Directions for this task => Once the line holding "[11526968]11粉装 5特效枪 1载具" appears, repeat it and each line after it to the end of the data, exactly and with nothing else; pictures stay out.

[Data excerpts]
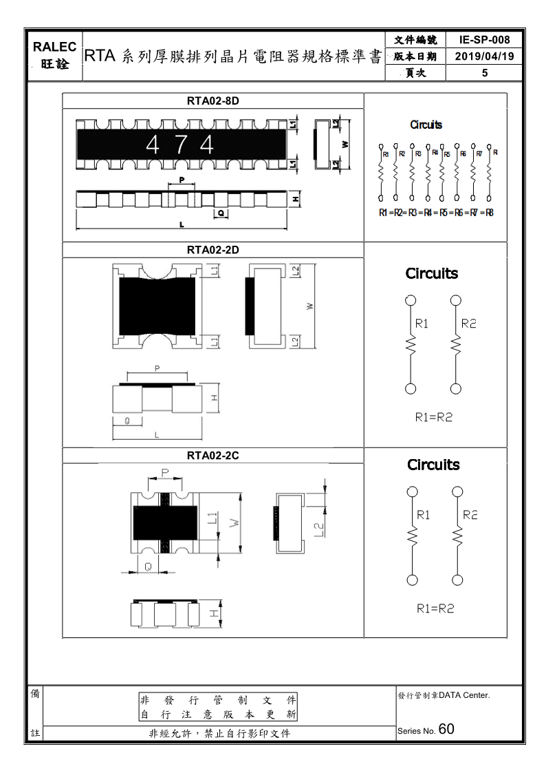 旺诠 贴片电阻厚膜芯片排阻凸电极RTA-D
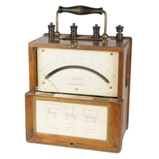 Nicht restaurierter Zustand, ob es sich um den Originalzustand handelt, ist fraglich. Die unteren Gehäusefüße fehlen, bei der linken Anschlußklemme fehlt die Beschriftung. Technisch funktioniert das Gerät, manchmal hängt der Zeiger, die Messergebnisse sind zudem um ca. 10 Volt ungenau. |
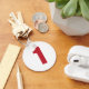 Number 1 in red on white button keychain
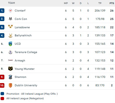Recent Leinster debutant Dylan Donnellan marked his return to the AIL with two tries but leaders Clontarf could only manage a draw away to Hinch although they still remain top. Cork Con’s demolition of lowly Trinity brought them to within a point of 1st while champions Terenure continue to struggle to stay in touch with the top 4 as they fell away to Young Munster.
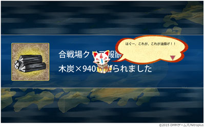 ドロップは愛染くん、報酬は冷却材950でした。・・・あっ、またこんのすけさんが。
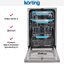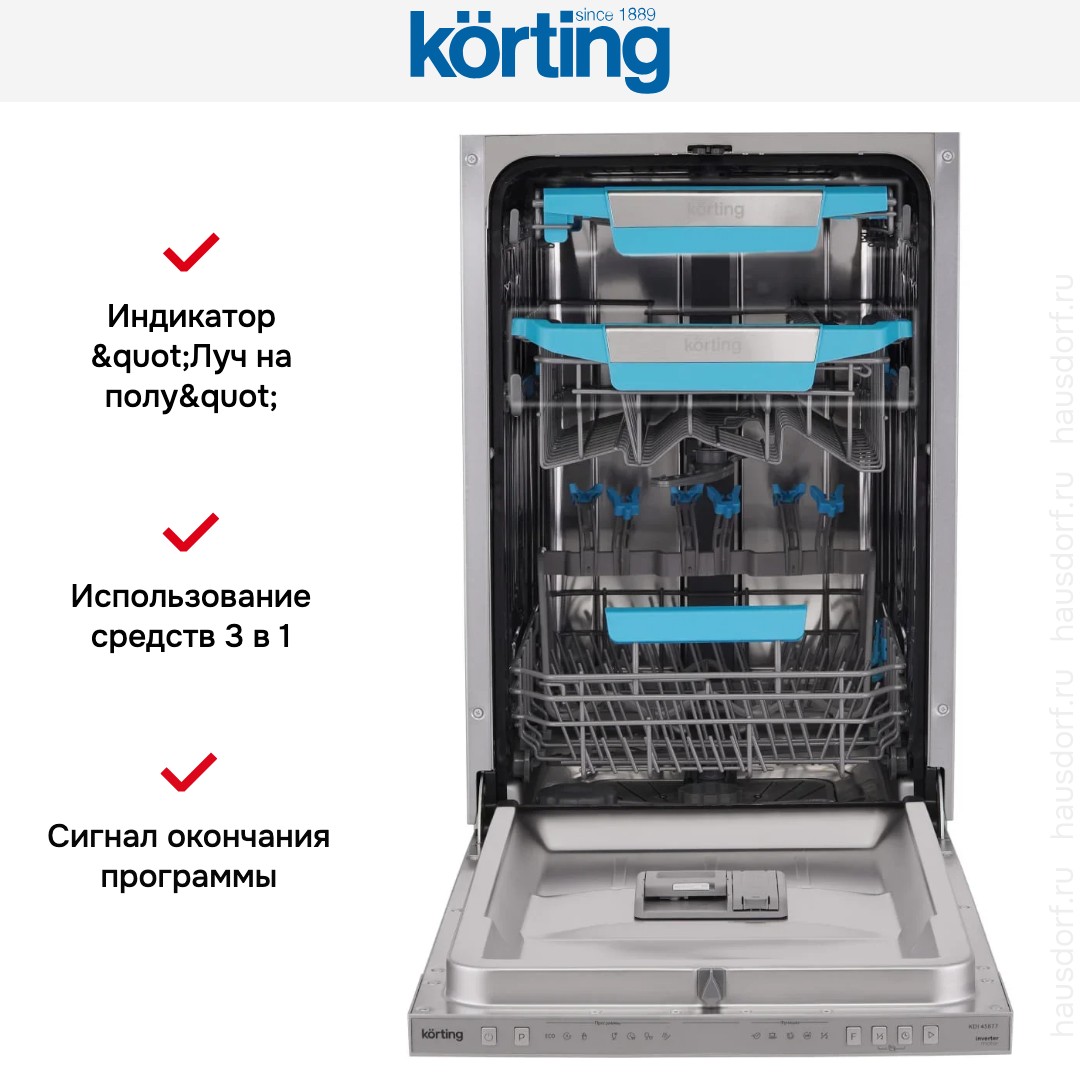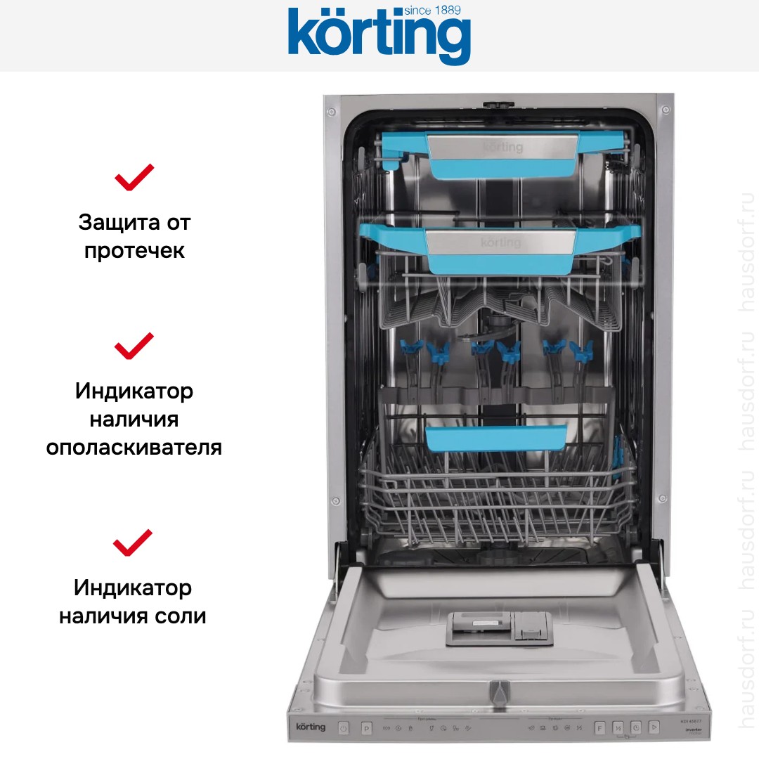 Встраиваемая посудомоечная машина Korting KDI 45877 — это компактный полностью встраиваемый прибор узкой ширины, созданный для квартир и небольших кухонь, где важна экономия пространства без компромиссов по качеству мойки. Устройство высотой 81,5 см, шириной 44,8 см и глубиной 55 см впишется в нишу 82—88×45×55 см, а при открытой дверце требует всего 115 см глубины, что облегчает планирование расстановки мебели. Интерьер рассчитан на 10 комплектов посуды, корзины продуманы до мелочей: регулируемая по высоте верхняя корзина, полочка для чашек в верхнем лотке, полка для столовых приборов и направляющие для тарелок в обоих ярусах обеспечивают гибкую загрузку различных предметов; дополнительный фиксатор для бокалов помогает безопасно разместить хрупкую посуду. Панель управления электронная и скрытая под фасадом, серебристая лицевая часть и цифровой дисплей создают сдержанный внешний вид, а кнопки включения и выбора режимов интуитивно понятны; предусмотрен таймер отсрочки от 1 до 24 часов, индикаторы соли и ополаскивателя, световой сигнал окончания и инновационный «луч на полу» для удобного контроля работы. В арсенале — семь стандартных программ, включая Baby Care, а также автоматические циклы, интенсивная мойка для сильных загрязнений, щадящие режимы для деликатных предметов, быстрый цикл и опция предварительного полоскания; предусмотрены половинная загрузка, эко-режим и функция «Экономия времени», что позволяет подбирать оптимальное сочетание результативности и расходов ресурсов. Для качественной сушки применяется активная система с дополнительной функцией Экстра-сушка и режимом Турбо+, а автоматическое открытие дверцы в конце цикла улучшает испарение влаги. Технологическая начинка включает инверторный мотор для тихой и долговечной работы, проточный водонагреватель для стабильной температуры, использование средств «3 в 1» и эффективный фильтр; система разбрызгивателей S-Form и верхний распылитель обеспечивают равномерное омывание посуды. Безопасность представлена системой AquaControl и автоматическим отключением при неисправностях; среди индикаторов также сигнал об отсутствии подачи воды. В комплекте идут тестер жесткости, заливной и сливной шланги (1,6 и 1,4 м соответственно), воронка для соли, мерная ложка и стакан — всё необходимое для установки и запуска. Характеристики потребления впечатляют: расход воды 9 л на цикл и 2520 л в год при классе энергопотребления A+++, энергозатраты 0,674 кВт·ч за цикл и 193 кВт·ч в год. Уровень шума 44 дБ делает эксплуатацию комфортной, масса 32,57 кг (брутто 37,1 кг) облегчает монтаж, а регулируемые ножки упрощают выравнивание. Эта модель сочетает продуманный дизайн, экономичный режим работы и широкий набор опций, которые пригодятся для ежедневного использования и позволят поддерживать кухню в идеальном порядке при минимальных затратах воды и электроэнергии.
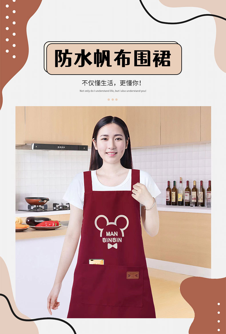 家用厨房防水帆布围裙简约印花广告围裙无袖餐厅工作防污围腰批发
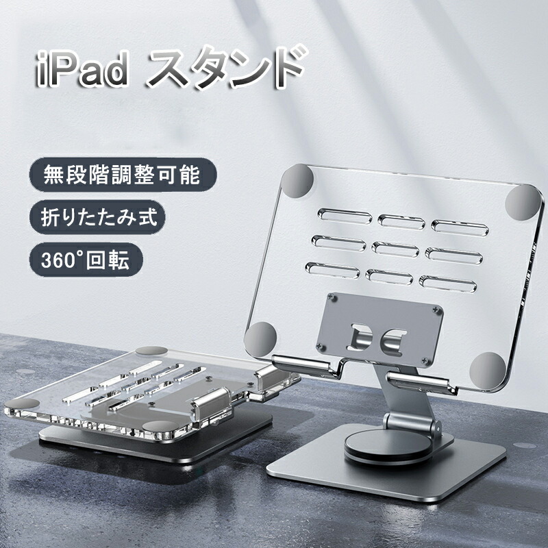 iPad用スタンド 360度回転 タブレットスタンド 折畳み式 ノートパソコンスタンド高さ角度調整可能 スタンド 横置きタブレットホルダー 収納便利 姿勢改善 滑り止め 4.7 タブレットPCスタンド
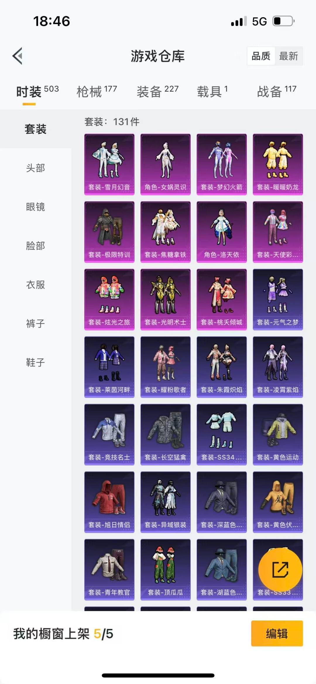 [11526968]11粉装 5特效枪 1载具 8印记 可二次 可修改实名 身法装备:赤蝎幽灵,都市猎人,舞王派对(派对舞王、小金鞋),暗影哥特(红眼罩) 优质装备:永恒黄蜂,舞王派对(派对舞王、小金鞋),赤蝎幽灵,都市猎人,梦幻火箭(新101)(新火箭少女101粉色套装),极限特训,天使彩虹糖,M416风花雪月,洛天依,M762苔丝玫瑰,SCAR-L-锦绣绵绵,七级M762-苔丝玫瑰,七级M416-风花雪月,女娲灵识,雪月幻音,Kar98K-巳巳如意 热门装扮:焦糖拿铁,桃夭倾城,光明术士,炫光之旅,暖暖奶龙,迅捷狂鲨,鹰眼刺客,呆萌铁蟹,深海小丑鱼,东方飞龙,都市猎人,派对舞王(小金鞋),赤蝎幽灵 稀有枪皮:DP-28-豹影疾电 五级特效枪:五级Kar98K-巳巳如意,五级DP-28-豹影疾电,五级SCAR-L-锦绣绵绵 紫色装扮:星夜迷魅,琉璃情波,田园牧歌,轻风白浪,SS22特训,莱茵河畔,SS23特训,幻彩翩翩,娇憨猪猪,萌趣咩咩,SS21特训,极光玫瑰,艾菲玫瑰,绚烂繁星,SS31特训套装,千禧之恋,旭日情侣,SS33特训套装,青涩时光,顶瓜瓜,冰爽风暴,音速流光,SS19特训,吉莉礼服,电音精灵,瑞龙福将,团圆交子,SS17特训,魔力冰咖,异彩先驱,SS18特训,都市漫游者,长空猛禽,雪鹰学院,霓虹极客,霓虹街区,青年教官,迎春赐吉,缤纷果语,魅力单车,麻辣教官,黄色伏地魔,黄色运动,黑色伏地魔,龙的传人,龟仙人,龙魂突击队,极地朋克,海岛探路者,深蓝色名流,夏日倾情,湖蓝色名流,绮丽涂鸦,空岛之星,空投萌叽,王牌教练,牛气冲天,白光莹,SS28特训,卖崽青蛙,李逍遥,冰公主,异域银装,鱼渊荷华,玉兔迎春,燕燕于飞,竞技名士,暗影哥特(红眼罩),深海梦境,惊鸿侠骨,SS25特训,金戈铁马,锦衣飞扬,焰鹰斗篷,幻羽潜行,幽夜迷踪,SS27特训,无暇誓言,金羽特工,浪漫天命,日照花林,SS26特训,春光漫游,快闪甜心,贝斯之夜,智谋强哥,晶辉守护,摩艾涂鸦,奇趣章鱼,星谷精灵,耀粉歌者,粉恋花,蓝冰羽,紫幽梦,SS32特训服(SS32特训套装),瑰梦爱神,绯格组合,蜜桃派对,新风雅兰,恋语绒绒,漫步者,冷酷挑战者,冰冻风暴,弄潮海豚,光之冒险 优质战备:圣堂之誓降落伞,萌物绒绒飞行器,鬼刀降落伞,金蛇镇世降落伞,赛博古神降落伞,智耀战神降落伞,樱桃泡泡降落伞,极限特训降落
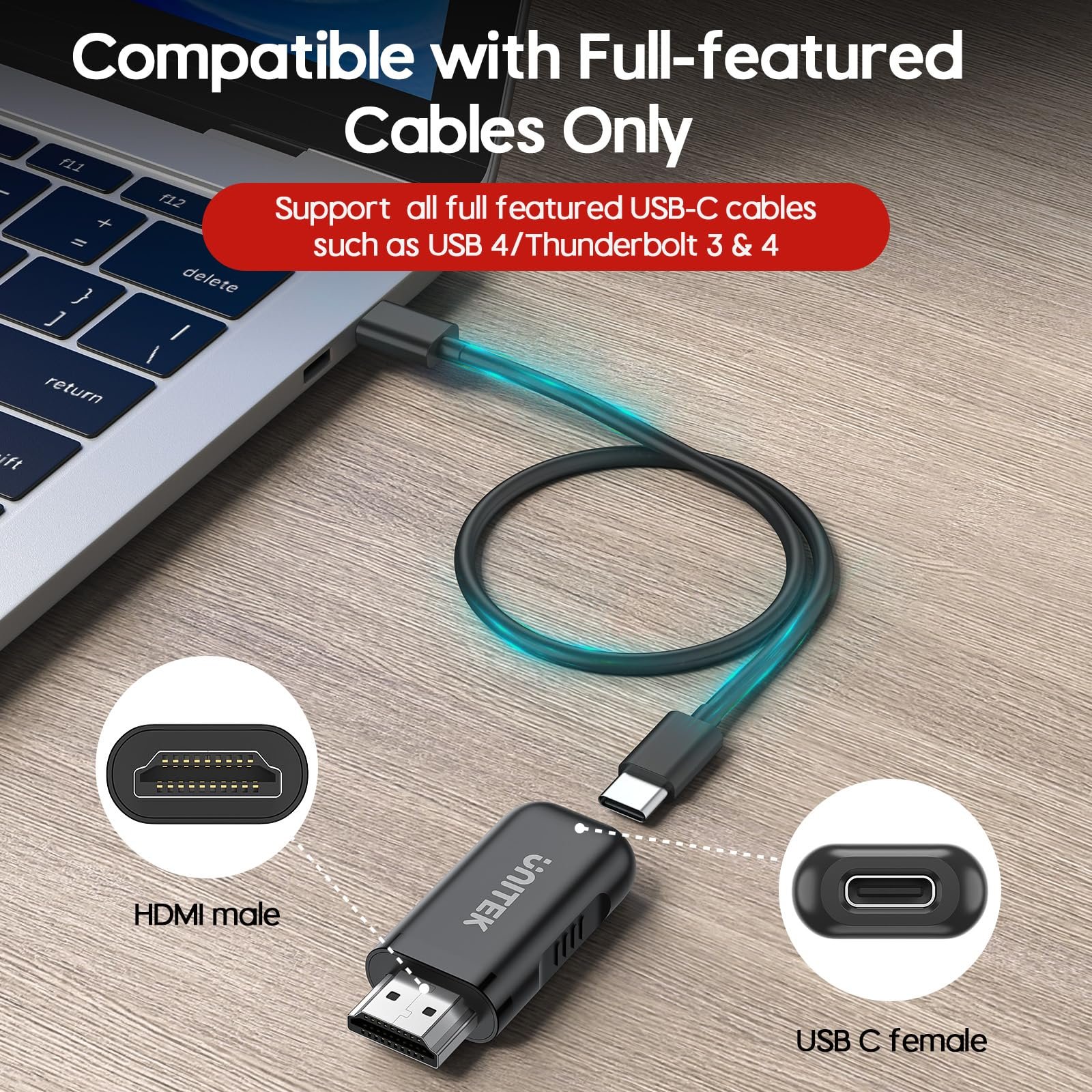NOTE: Only work with the full featured USB-C cables ! Only Compatible with Full Featured USB-C Cables: Make sure to use a USB-C cable that fully supports functionalities like USB 3.1/4.0 and Thunderbolt 3/4 for optimal performance and video transmission. This adapter is compatible with all USB-C devices that support “DP Alt Mode” and Thunderbolt 3/4 ports.

Task result =>
 [11526968]11粉装 5特效枪 1载具 8印记 可二次 可修改实名 身法装备:赤蝎幽灵,都市猎人,舞王派对(派对舞王、小金鞋),暗影哥特(红眼罩) 优质装备:永恒黄蜂,舞王派对(派对舞王、小金鞋),赤蝎幽灵,都市猎人,梦幻火箭(新101)(新火箭少女101粉色套装),极限特训,天使彩虹糖,M416风花雪月,洛天依,M762苔丝玫瑰,SCAR-L-锦绣绵绵,七级M762-苔丝玫瑰,七级M416-风花雪月,女娲灵识,雪月幻音,Kar98K-巳巳如意 热门装扮:焦糖拿铁,桃夭倾城,光明术士,炫光之旅,暖暖奶龙,迅捷狂鲨,鹰眼刺客,呆萌铁蟹,深海小丑鱼,东方飞龙,都市猎人,派对舞王(小金鞋),赤蝎幽灵 稀有枪皮:DP-28-豹影疾电 五级特效枪:五级Kar98K-巳巳如意,五级DP-28-豹影疾电,五级SCAR-L-锦绣绵绵 紫色装扮:星夜迷魅,琉璃情波,田园牧歌,轻风白浪,SS22特训,莱茵河畔,SS23特训,幻彩翩翩,娇憨猪猪,萌趣咩咩,SS21特训,极光玫瑰,艾菲玫瑰,绚烂繁星,SS31特训套装,千禧之恋,旭日情侣,SS33特训套装,青涩时光,顶瓜瓜,冰爽风暴,音速流光,SS19特训,吉莉礼服,电音精灵,瑞龙福将,团圆交子,SS17特训,魔力冰咖,异彩先驱,SS18特训,都市漫游者,长空猛禽,雪鹰学院,霓虹极客,霓虹街区,青年教官,迎春赐吉,缤纷果语,魅力单车,麻辣教官,黄色伏地魔,黄色运动,黑色伏地魔,龙的传人,龟仙人,龙魂突击队,极地朋克,海岛探路者,深蓝色名流,夏日倾情,湖蓝色名流,绮丽涂鸦,空岛之星,空投萌叽,王牌教练,牛气冲天,白光莹,SS28特训,卖崽青蛙,李逍遥,冰公主,异域银装,鱼渊荷华,玉兔迎春,燕燕于飞,竞技名士,暗影哥特(红眼罩),深海梦境,惊鸿侠骨,SS25特训,金戈铁马,锦衣飞扬,焰鹰斗篷,幻羽潜行,幽夜迷踪,SS27特训,无暇誓言,金羽特工,浪漫天命,日照花林,SS26特训,春光漫游,快闪甜心,贝斯之夜,智谋强哥,晶辉守护,摩艾涂鸦,奇趣章鱼,星谷精灵,耀粉歌者,粉恋花,蓝冰羽,紫幽梦,SS32特训服(SS32特训套装),瑰梦爱神,绯格组合,蜜桃派对,新风雅兰,恋语绒绒,漫步者,冷酷挑战者,冰冻风暴,弄潮海豚,光之冒险 优质战备:圣堂之誓降落伞,萌物绒绒飞行器,鬼刀降落伞,金蛇镇世降落伞,赛博古神降落伞,智耀战神降落伞,樱桃泡泡降落伞,极限特训降落
NOTE: Only work with the full featured USB-C cables ! Only Compatible with Full Featured USB-C Cables: Make sure to use a USB-C cable that fully supports functionalities like USB 3.1/4.0 and Thunderbolt 3/4 for optimal performance and video transmission. This adapter is compatible with all USB-C devices that support “DP Alt Mode” and Thunderbolt 3/4 ports.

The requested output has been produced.